It a salesperson is chosen at random the probability that his potential for advancement is Good given that his Sales Ability is Above Average is

The probability that the potential for advancement is Good given that the sales ability is Above Average can be denoted as P(Good | Above Average).

To calculate this probability, we need to know the probabilities of having Above Average Sales Ability (denoted as P(Above Average)) and the probability of having Good potential for advancement given Above Average Sales Ability (denoted as P(Good ∩ Above Average)).

Let's assume that P(Above Average) is 0.25 (25%) and P(Good ∩ Above Average) is 0.15 (15%).

P(Good | Above Average) can be calculated using the formula for conditional probability:

P(Good | Above Average) = P(Good ∩ Above Average) / P(Above Average)

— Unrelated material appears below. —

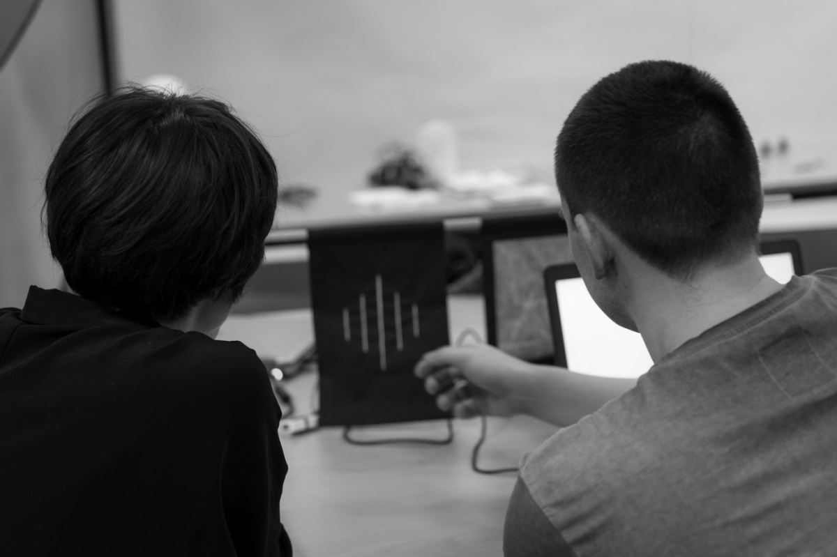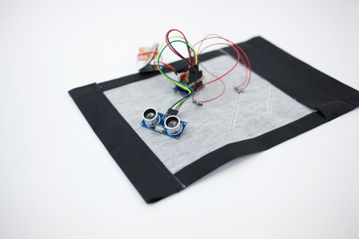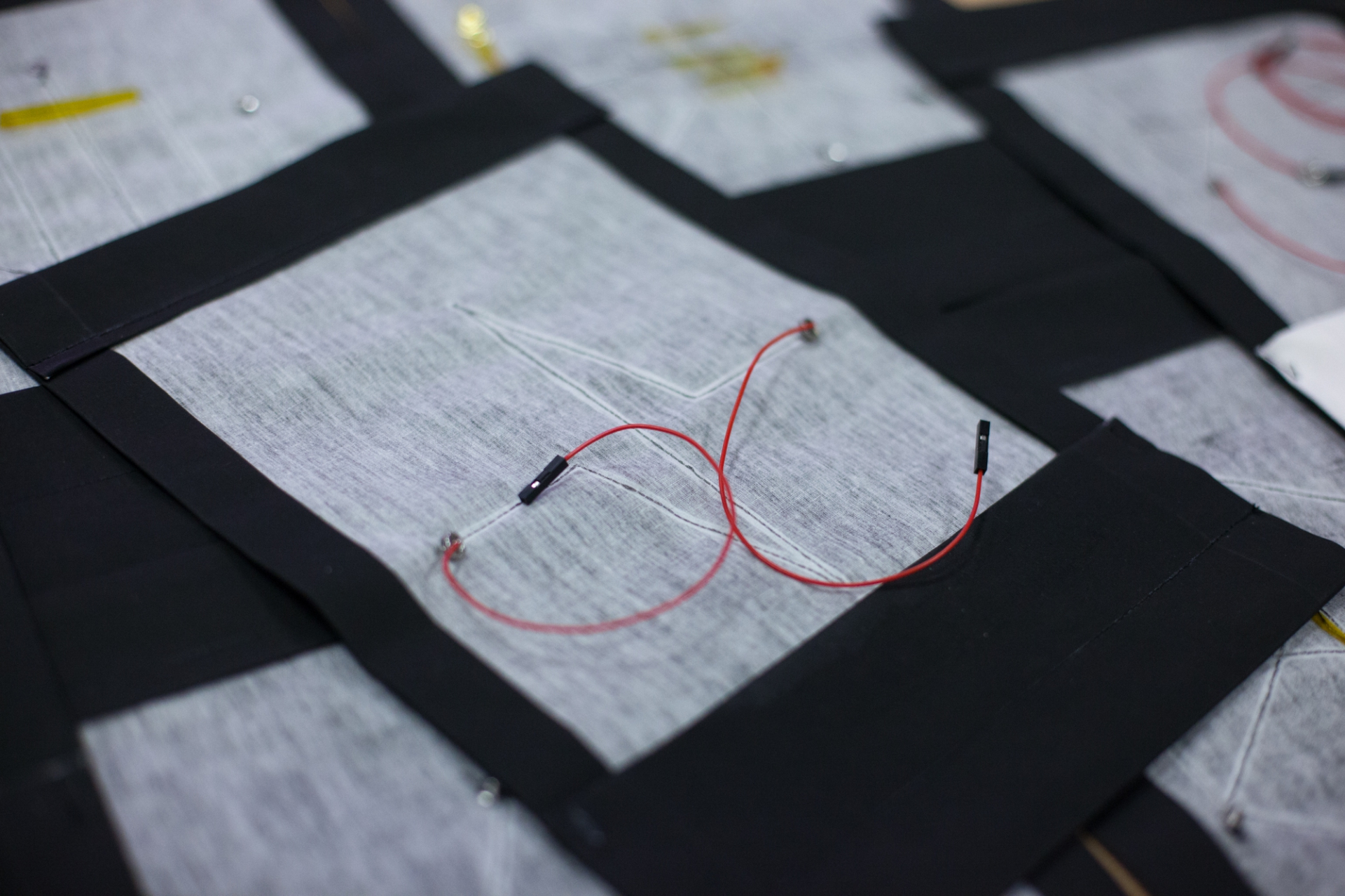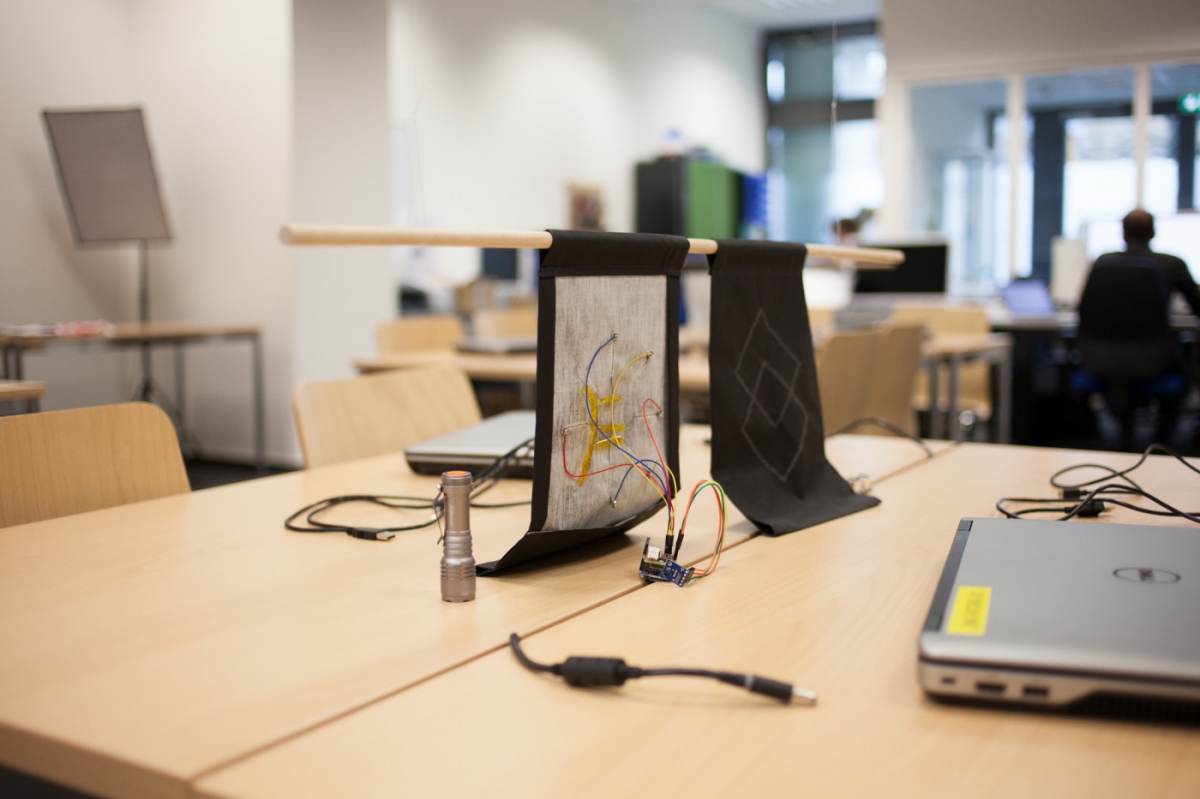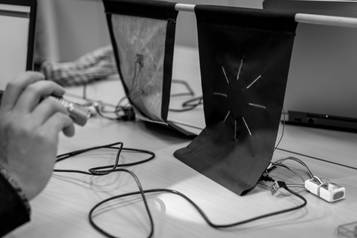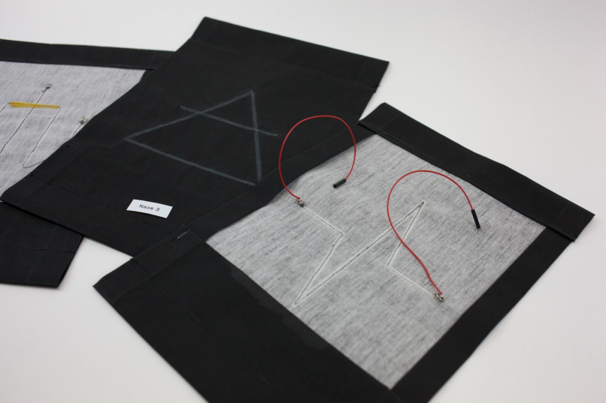 Thermochromic textiles to provide a user feedback through the use of different sensors. The workshop was part of the Gesellschaft für Informatik's DevCamp at HAW Hamburg.

So, plugging in the given values:

P(Good | Above Average) = 0.15 / 0.25

P(Good | Above Average) = 0.6

Therefore, the probability that the potential for advancement is Good given that sales ability is Above Average is 0.6 or 60%.

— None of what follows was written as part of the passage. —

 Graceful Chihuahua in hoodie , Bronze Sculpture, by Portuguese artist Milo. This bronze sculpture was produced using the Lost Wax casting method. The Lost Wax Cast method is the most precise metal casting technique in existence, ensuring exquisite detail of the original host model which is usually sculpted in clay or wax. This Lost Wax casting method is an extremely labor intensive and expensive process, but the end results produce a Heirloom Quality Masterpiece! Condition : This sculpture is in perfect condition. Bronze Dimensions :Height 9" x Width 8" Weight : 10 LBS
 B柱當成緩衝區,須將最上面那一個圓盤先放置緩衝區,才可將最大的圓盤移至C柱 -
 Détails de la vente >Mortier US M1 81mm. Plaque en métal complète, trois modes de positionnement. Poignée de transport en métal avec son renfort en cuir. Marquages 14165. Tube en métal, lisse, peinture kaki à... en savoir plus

To calculate the probability that a salesperson's potential for advancement is Good given that their Sales Ability is Above Average, we need more information. Specifically, we need to know the conditional probabilities associated with the salespeople's potential for advancement and their sales ability.

If we have this information, we can use Bayes' theorem to calculate the probability. Bayes' theorem states that:

P(A|B) = (P(B|A) * P(A)) / P(B)

Where:
P(A|B) is the probability of event A given event B.
P(B|A) is the probability of event B given event A.
P(A) is the probability of event A.
P(B) is the probability of event B.

In our case:
Event A: Potential for Advancement is Good
Event B: Sales Ability is Above Average

If we have the conditional probabilities P(A|B) and P(B|A), we can use these values to calculate the probability we're looking for.